All the other “features” aren’t really features worth crowing about. You can send text messages, but you’ll want to block off at least an afternoon for each one since the watch’s screen measures only 1.5 inches. For the first time in a long time, I found myself actually calling people who sent me text messages.

There’s a digital camera that takes photos and videos, though images are captured at 640×480 resolution and MPEG-4 videos at 128×104. The watch can play video and audio files, too, but the 128×128 screen resolution seems only suited to watch 128×104 videos and audio files have to be played through the tiny speaker or a Bluetooth headset.

The device is sold as an unlocked cell phone that uses either AT&T or T-Mobile SIM cards, which are inserted underneath the battery in the backside of the watch. Quickly swapping your SIM card between the watch and your primary cell phone isn’t a super streamlined process but, hey, you’ve got a phone on your wrist. These things are complicated.

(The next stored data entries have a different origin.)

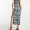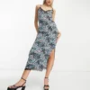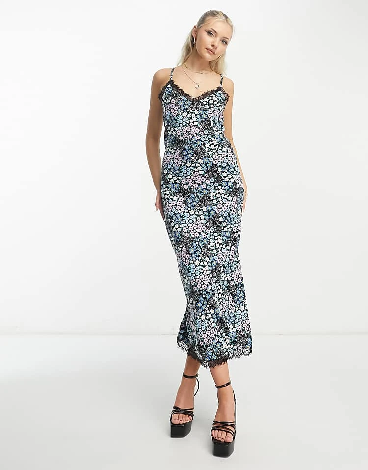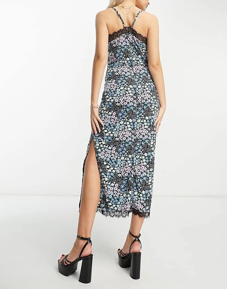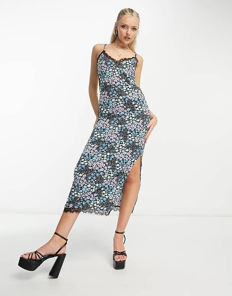 JDY Exclusive Lace Trim Midi Dress With Side Split In Blue Ditsy Floral For Women Ditsy Flower
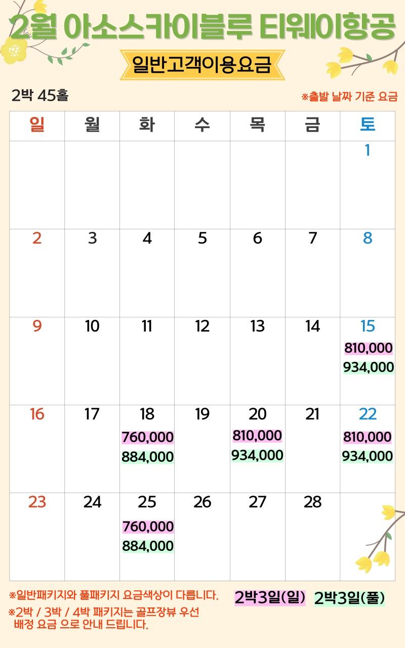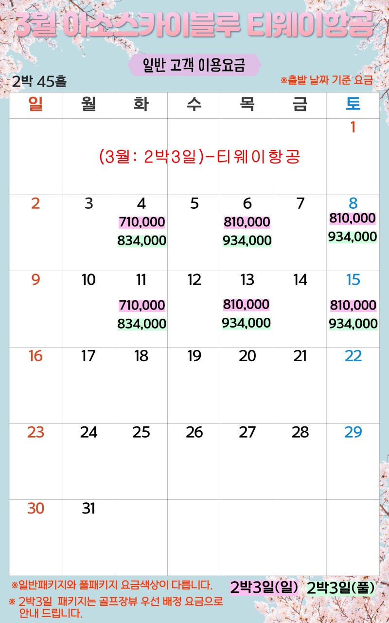 ** 2박3일: (화),(목),(토) 출발 [760,000원~]
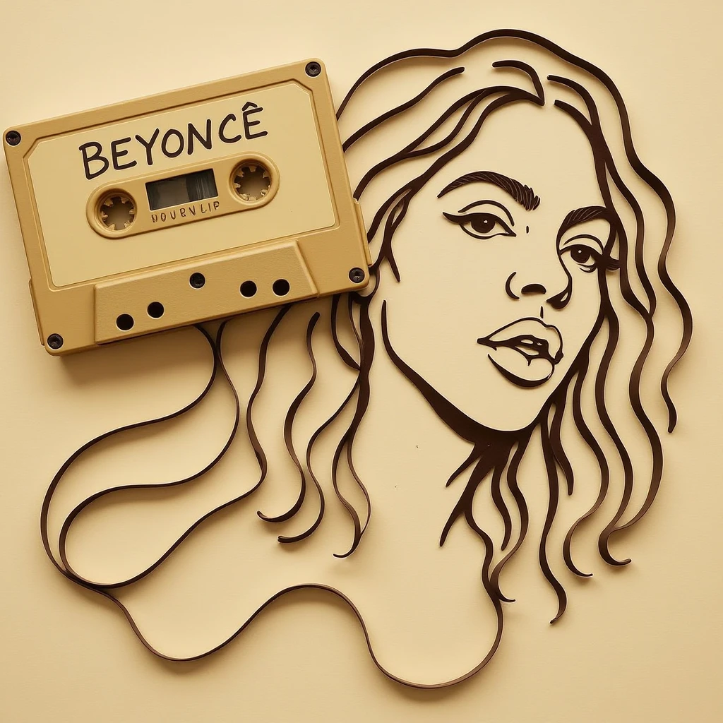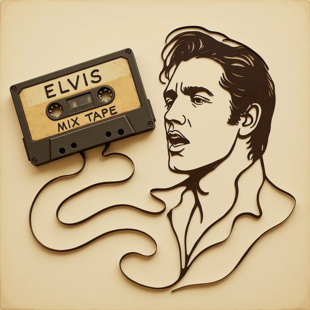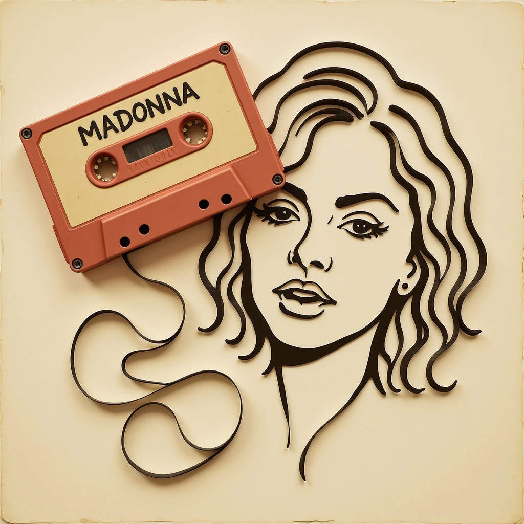 Decossette art style, vintage-style cassette with the text "#text", A magnetic tape comes out of the cassette, the magnetic tape creates outline shape of #shape made only of magnetic tape, realistic magnetic tape teture, magnetic tape concept art, high detail photo, the #shape is made only of magnetic tape
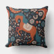 Un cheval rouge brun avec crinière bleue et queue s'élève sur cet oreiller distinctif. L'image du cheval est entourée de fleurs de style boho, de feuilles, de symboles et de lunes de croissant. Les couleurs dominantes sont le marron cannelle, le bleu ardoise, le bronze et le bleu marine. Les deux camps ont la même image.
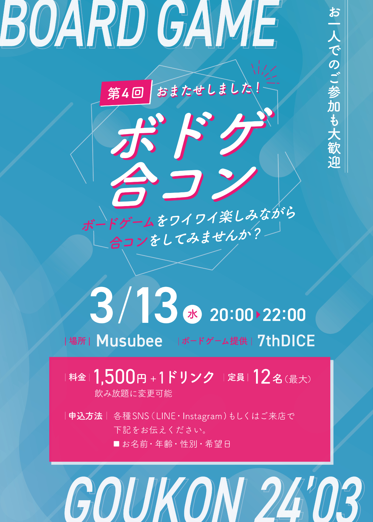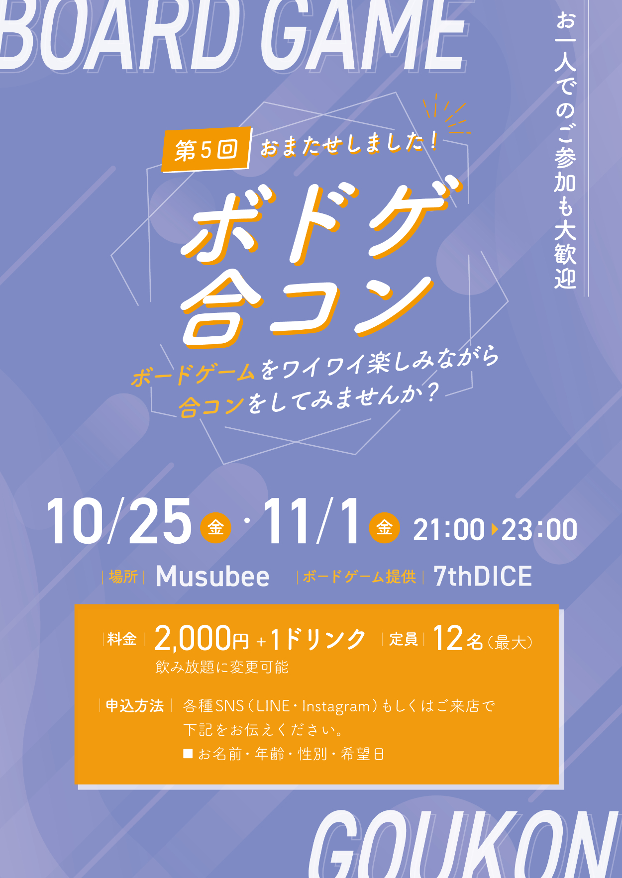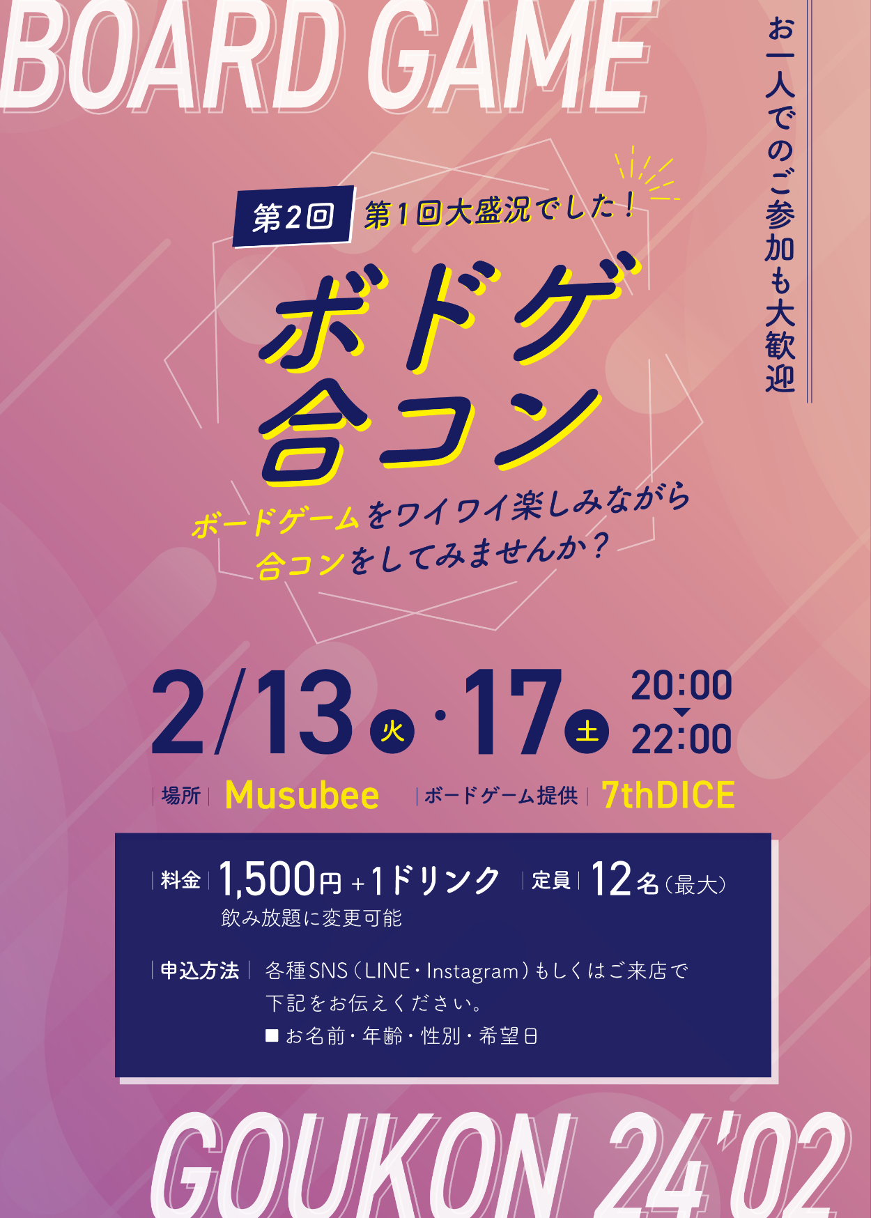 - イベントタイトル(ボドゲ合コン)と日付がすぐに目に入るよう中央に大きく配置しました。
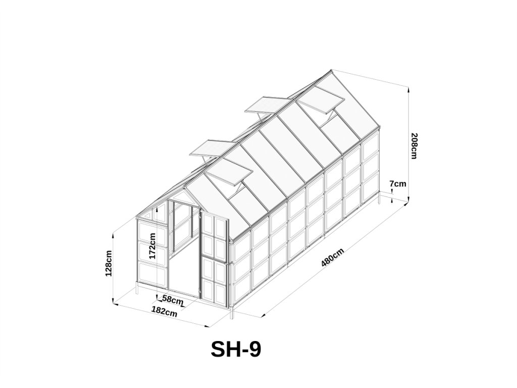 Skleník BestBerg SH-9 / 9 m² / 480 x 182 x 208 cm / strieborný

The battery lasts about a day with moderate to heavy use, and the company thoughtfully includes two batteries in the box so you can charge one while you use the other. The watch itself is bulky enough that people will wonder what the hell is wrong with you at first but then marvel at how something that size has all that technology stuffed into it. Basically, it’s bulky for a watch but svelte for a watch that makes phone calls.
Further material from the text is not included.